Глава 12. ДОРОГИ, ДОРОГИ И ЕЩЕ РАЗ ДОРОГИ

"Дороги, БОЛЬШИЕ дороги и всегда дороги, - писал префект Луара в сентябре 1867 г., - вот что можно сказать о политической экономии сельской местности". Пока дороги не распространились, многие сельские общины оставались заключенными в полуизоляции, ограниченными участниками экономики и политики страны: Франция.

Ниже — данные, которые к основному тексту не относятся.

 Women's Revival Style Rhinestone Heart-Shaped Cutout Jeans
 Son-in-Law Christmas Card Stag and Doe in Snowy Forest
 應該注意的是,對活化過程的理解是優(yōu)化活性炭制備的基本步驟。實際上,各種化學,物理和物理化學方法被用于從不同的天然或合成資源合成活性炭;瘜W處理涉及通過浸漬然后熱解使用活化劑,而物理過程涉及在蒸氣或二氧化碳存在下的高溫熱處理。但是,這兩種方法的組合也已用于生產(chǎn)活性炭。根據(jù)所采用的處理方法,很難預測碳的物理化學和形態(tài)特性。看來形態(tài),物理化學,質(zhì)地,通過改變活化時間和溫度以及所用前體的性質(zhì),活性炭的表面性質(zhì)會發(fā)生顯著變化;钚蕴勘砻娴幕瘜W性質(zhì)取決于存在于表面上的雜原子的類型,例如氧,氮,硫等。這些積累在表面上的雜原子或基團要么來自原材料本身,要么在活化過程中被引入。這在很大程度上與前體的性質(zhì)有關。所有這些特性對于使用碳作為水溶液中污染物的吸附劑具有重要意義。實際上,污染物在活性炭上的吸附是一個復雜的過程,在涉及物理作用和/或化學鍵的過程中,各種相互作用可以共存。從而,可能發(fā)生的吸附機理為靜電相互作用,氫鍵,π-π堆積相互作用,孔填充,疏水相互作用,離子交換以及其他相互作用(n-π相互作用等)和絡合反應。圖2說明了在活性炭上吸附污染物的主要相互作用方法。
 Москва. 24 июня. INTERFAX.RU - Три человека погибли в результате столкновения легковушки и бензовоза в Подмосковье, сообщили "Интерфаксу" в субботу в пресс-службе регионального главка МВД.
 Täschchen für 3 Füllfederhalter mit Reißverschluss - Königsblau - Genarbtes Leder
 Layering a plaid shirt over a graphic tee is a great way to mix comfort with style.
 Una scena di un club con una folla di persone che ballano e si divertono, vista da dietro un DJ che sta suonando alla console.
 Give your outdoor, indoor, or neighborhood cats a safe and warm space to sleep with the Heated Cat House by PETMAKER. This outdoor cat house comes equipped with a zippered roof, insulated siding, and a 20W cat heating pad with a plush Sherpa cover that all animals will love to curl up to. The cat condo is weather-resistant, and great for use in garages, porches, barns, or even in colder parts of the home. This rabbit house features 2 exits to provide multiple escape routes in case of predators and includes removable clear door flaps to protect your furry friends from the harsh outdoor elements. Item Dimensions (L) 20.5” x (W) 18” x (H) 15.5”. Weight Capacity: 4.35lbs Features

Историческая география - это в значительной степени история борьбы человека с пространством и его попыток приручить пространство путем создания все более эффективных и надежных средств связи. Вначале пространство - хозяин, его расстояния неистово разбегаются, подавляя человека. Постепенно пространство завоевывается, расстояния усмиряются, приводятся в движение или, вернее, все чаще становятся колесами. Пространство становится управляемым. Этот процесс продолжался на протяжении большей части XIX века. Многие из тех, кто жил на исходе столетия, помнили времена, когда знакомые места были еще дальше, еще обширнее и еще более пугающими. Вот что отмечал Эжен Леруа в 1899 году: "Сейчас все эти земли полны дорог и шоссе... но в те времена, о которых я говорю [а они были не так уж далеки], лес был гораздо больше, чем сейчас... и можно было различить только две плохие дороги, которые его обходили". В этом отрывке есть все: новизна 1899 г., когда земля была пересечена новыми магистралями, старый, еще не тронутый порядок вчерашнего дня и его более леденящие душу масштабы, скудость старых дорог и их удручающее состояние.

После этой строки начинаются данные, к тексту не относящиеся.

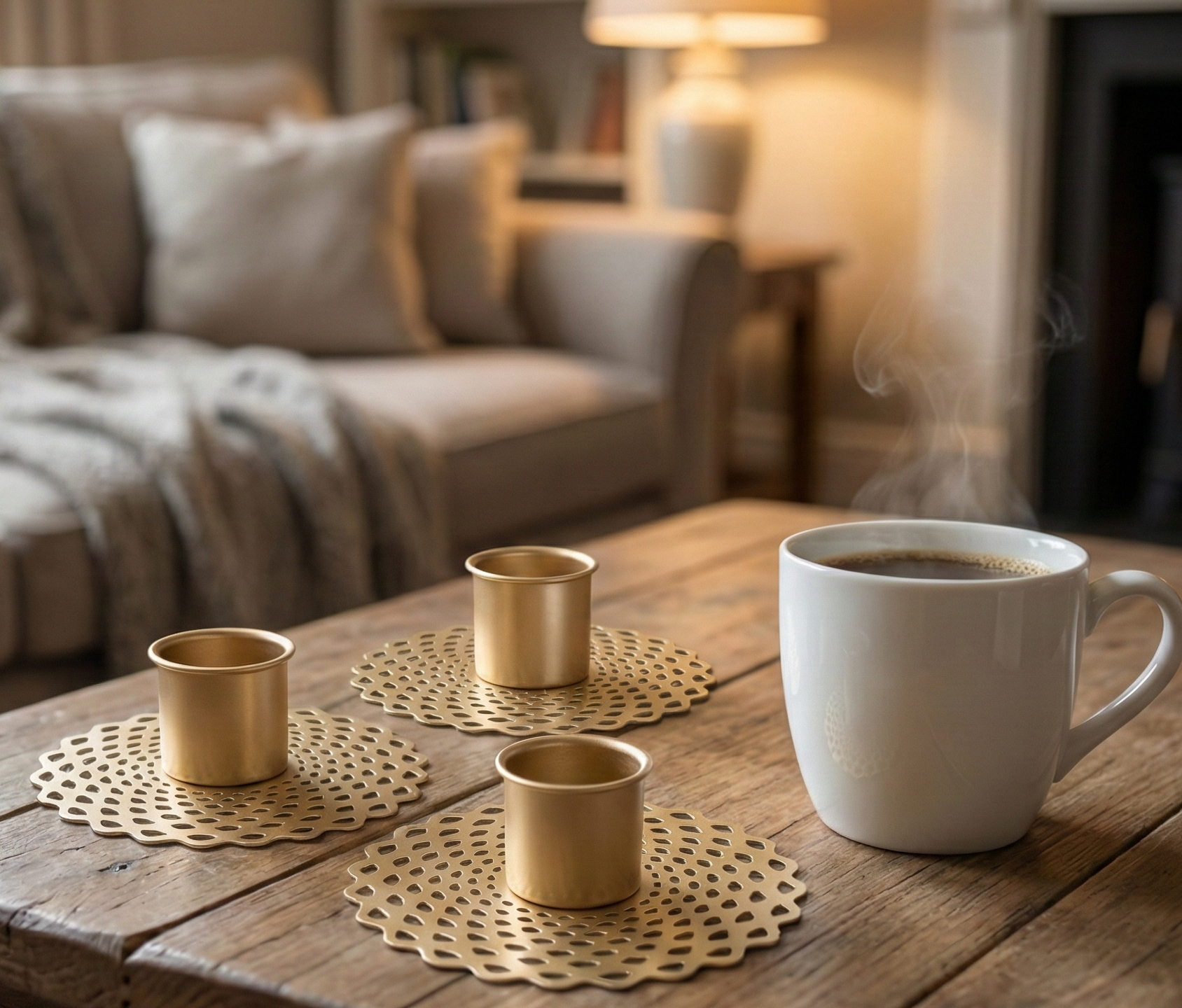 A Companion for Your Quiet Moments Imagine a quiet evening at your study table or a slow Sunday morning in the living room. These holders are designed to sit perfectly beside your favorite coffee mug, adding a serene, golden warmth to your workspace or reading nook. Whether you are powering through a late-night project or enjoying a moment of pause, the soft flicker of candlelight against the sleek gold metal creates an ambiance of focus and tranquility.

Однако Франция не испытывала недостатка в дорогах. Артур Юнг находил причины восхищаться этими памятниками предприимчивости центрального правительства, но он также находил их пустыми, безмолвными, "совершенной пустыней" даже у ворот Парижа. Юнг объяснял это абсурдностью и деспотизмом правительства. Но дело было скорее в устройстве дорог. Система, созданная для обслуживания правительства и городов и не имеющая вспомогательной сети второстепенных дорог, имела мало общего с привычками и потребностями населения. Административные магистрали, как их называл один из историков центра, обеспечивали поход войск и поступление налогов в казну. Люсьен Гашон отмечал отсутствие между сельской местностью и шоссе, между местными и основными дорогами. Это подтверждают и Роже Табо, пишущий о Мазьере, и Эрнест Лависс, вспоминающий о Тьераше. Дома не зависели от дорог, располагались без оглядки на них или даже так, чтобы их не было видно: сельская местность, как и прежде, жила веками, повернутая внутрь себя.

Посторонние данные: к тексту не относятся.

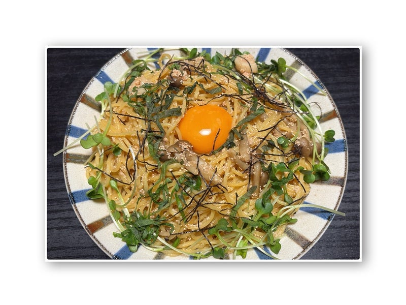 定番の明太子のパスタに海苔と黄身を乗せる発想がありませんでした!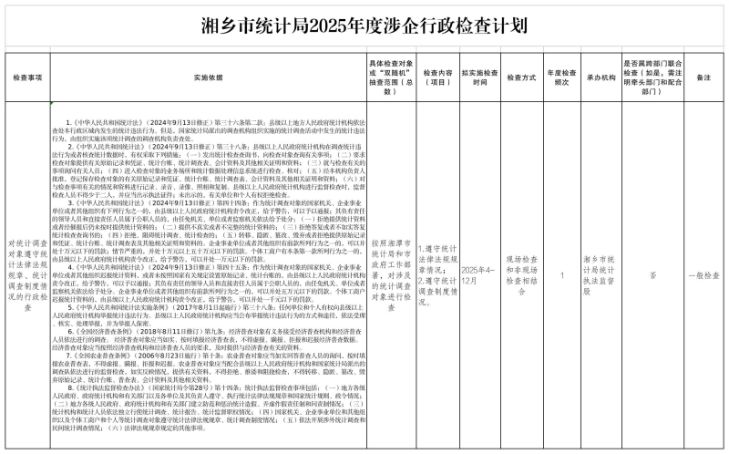 湘鄉市統計局2025年度涉企行政檢查計劃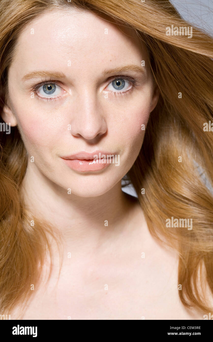 Female Long Wavy Fair Hair Wearing Pale Pink Eyeshadow Black Stock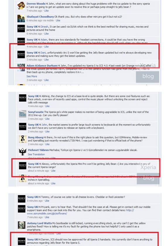 Μέσω του Facebook και του Xperia Blog, ο John Cooper, product manager της Sony, απαντώντας σε ερωτήσεις χρηστών, αποκάλυψε πως δυο μοντέλα της σειράς Xperia, τα Arc S και Mini, δεν θα αναβαθμιστούν σε Android Jelly Bean.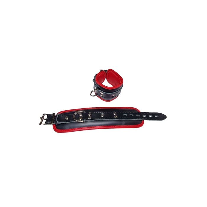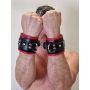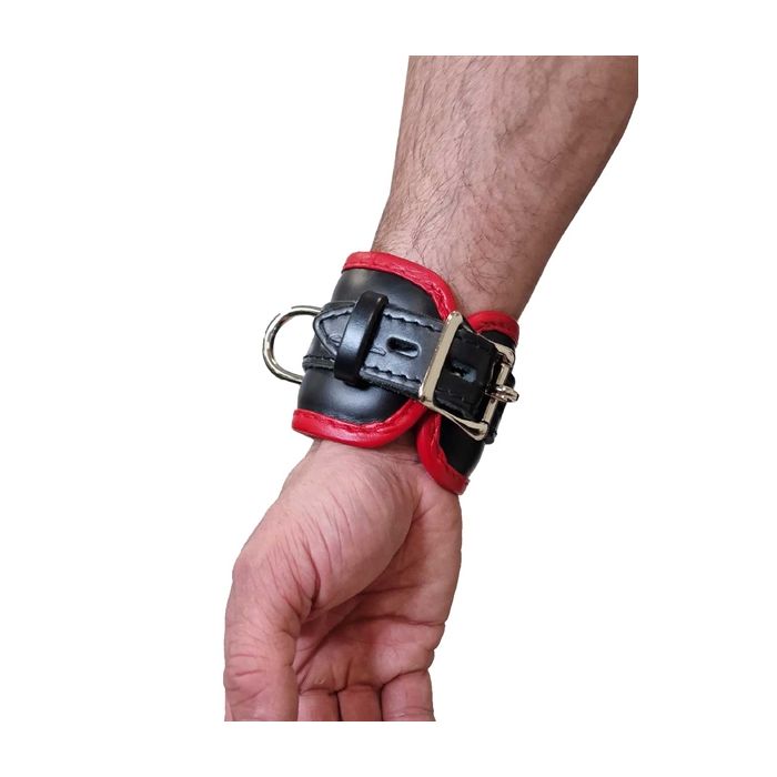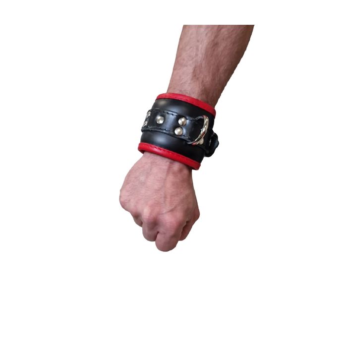 Mister B Essential lederen afsluitbare Polsboeien Zwart Rood

Дорожно-строительная политика первой половины века мало что изменила. Дороги Наполеона строились с учетом стратегических преимуществ; Реставрация пыталась восстановить и достроить доставшуюся ей разрушенную сеть; министры Луи Филиппа делали то же самое, но не очень много, пока злополучное восстание герцогини де Берри в 1832 г. не убедило их в необходимости изменить свои взгляды. Программа строительства восьми департаментов обеспечила как атлантический запад системой стратегических дорог, так и Департамент дорог и мостов подготовкой к более инициативной роли, которую он должен был взять на себя после 1837 г.* Главной задачей департамента было не столько строительство новых дорог, сколько ремонт, грейдирование и обслуживание существующих магистралей, а также строительство прочных мостов, чтобы сделать возможным передвижение войск в любую погоду. Это означало, что, хотя сеть дорог не была значительно расширена, ее жизнеспособность значительно повысилась. В 1824 г. из 33 536 км национальных дорог только около 42-44% нуждались в регулярном ремонте. К концу 1830-х гг. из 34 512 км было приведено в рабочее состояние около 70%, а к 1845 г. практически вся система, около 36 000 км, была готова к эксплуатации. Эта цифра заметно изменится только после Первой мировой войны (когда протяженность сети составила около 38 тыс. км).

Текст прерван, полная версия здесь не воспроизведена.